Ей было все совершенно или безразлично, или противно, она все время непрестанно молилась, перед ней была икона. Не вставая с колен день и ночь, день и ночь, день и ночь, она молилась. И я так любила ее, так сочувствовала ей. Я понимала, что, может быть, она молит за того, за кого можно молиться, чтобы спасти его, но по всему ее выражению, ее соотношению с этой иконой, по тому, что она вообще не поднималась с колен никогда. Я по такому исступленному ее лицу поняла – наверное, тот, о котором она так убивалась, не вернулся, его уже не было.

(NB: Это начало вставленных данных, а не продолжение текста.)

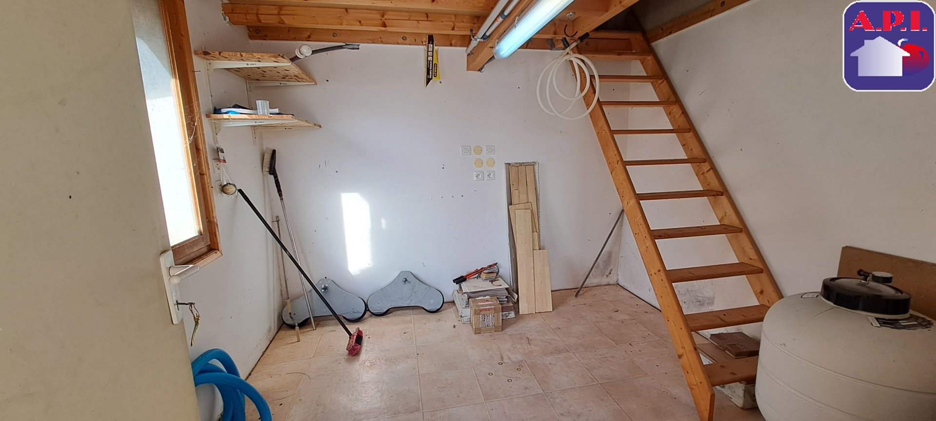 Un garage de 16,50 m² avec portail automatique, un abri bois, un atelier de jardin, ainsi qu'un abri voiture avec portillon d'entrée complètent les prestations.

А тут постепенно кончалось эвакуационное время. Но я страшно жалела и любила эту женщину, а мать, конечно, она была против, сказала:

– Всё молитвы эти, всё молитвы.

Ее это раздражало, а я же нарисовала. У меня было два карандаша – черный, желтый, и я рисовала эту женщину. И получилась целая икона на листе бумаги, я держала ее под подушкой. Мать, когда увидела, ужаснулась:

– Что с тобой?

А я:

– Да нет, ничего…

Я испугалась.

Ну а потом опять какой-то переплыв через реку, а потом уже смотрю, – везут на тележке, на которой теперь продукты возят. Везут меня, бабушка тащится, уже Москва, вот вам и Ильинский сквер.

Кто хороший – те хорошие

Уже был сорок четвертый год, осенью мне предстояло идти в школу. Когда я в первый раз шла в школу, я помню девочку, которая со мной шла, – Рита Шрайдер, она была еврейка, ее семья была очень хорошая. Такие старые еврейские люди. Запомнились именно дедушка и бабушка, они учили так, говорили, мне с ними хорошо было. И конечно, и любили.

Ну, никакая дурь мне в голову никогда не западала, хотя…

А дворник огромный, который тут же был, вдруг говорит:

– Постой, вот ты хорошая девчонка, но что твои родителя тебя еврейским именем испортили?